Tuesday, February 16, 2010

Uluran Tanganmu, Sobt...

Sobtz Yusako, pagi ini saya membaca halaman ini dan sangat terenyuh.. Saya melalui postingan blog ini, hanya ingin mengetuk hati para blogger dan pembaca umum lainnya untuk membantu mengulurkan tangan demi kemanusiaan... Sesungguhnya, manusia pada hakekatnya hidup bermasyarakat dan saling membantu dalam kesulitan... Semoga kita semua dapat meringankan penderitaan Toriq...

Jakarta - Malang nian nasib Muhammad Toriq (2 bulan). Toriq yang kelebihan cairan di kepalanya ini harus tidur di Masjid sambil menunggu hasil pemeriksaan RSCM.....
Kami dari Cilegon, nunggu diperiksa tanggal 24 Februari nanti, sudah setengah bulan tidur di sini," ujar Ripah. (-dari detik)
Sobtz, ini informasi tentang penyakit yang diderita Toriq, dan banyak anak lainnya di Indonesia... (kalau bukan kita, siapa lagi????) 

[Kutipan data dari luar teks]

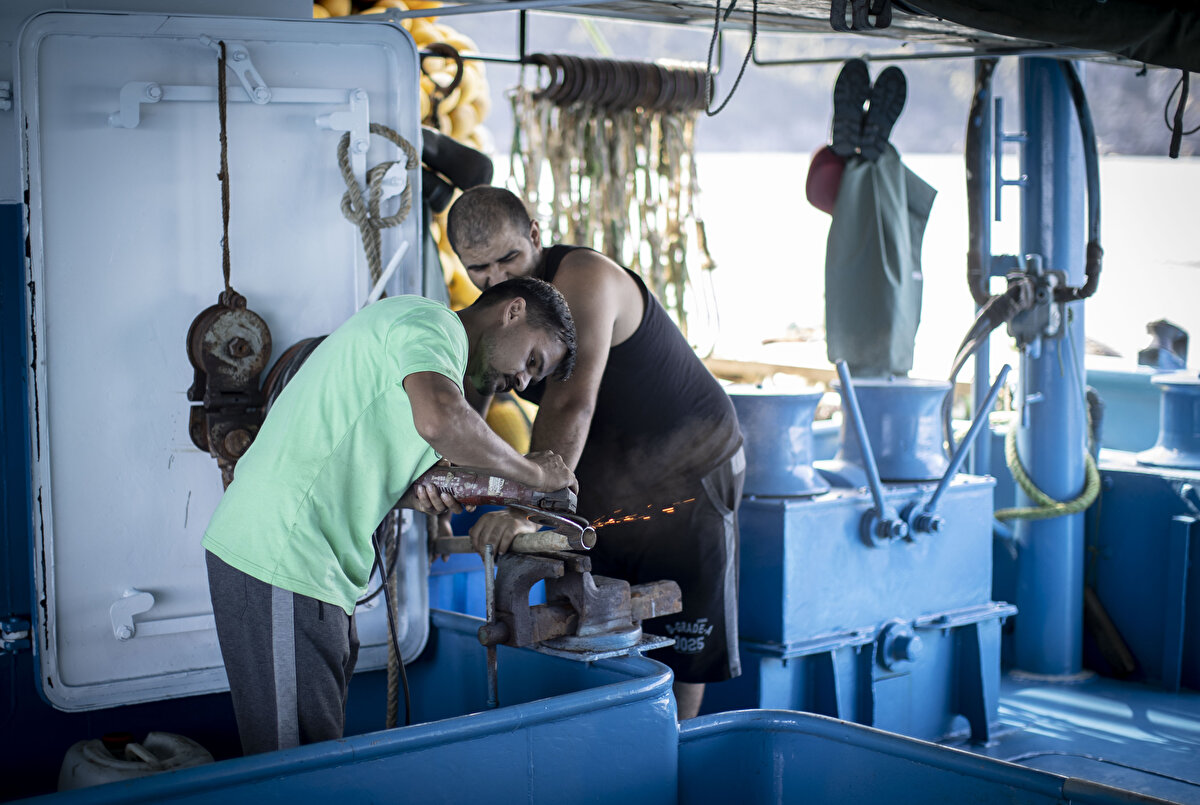 Aşçı, bir sonraki öğünün yemeğini hazırladı. Tayfanın bir kısmı ise balık ağlarını kontrol etti.

Hydrochepalus is excessive accumulation of cerebrospinal fluid within the cranium. If persistent and progressive, it is treated by shunt insertion. Recently other methods of treatment were introduced and these will be discussed in the appropriate section.
About 30 years ago before shunts were available children with hydrochepalus, either died or left with severe disability. With the introduction of shunts procedures, hydrocephalic child can lead a reasonable normal life and normal life expectancy.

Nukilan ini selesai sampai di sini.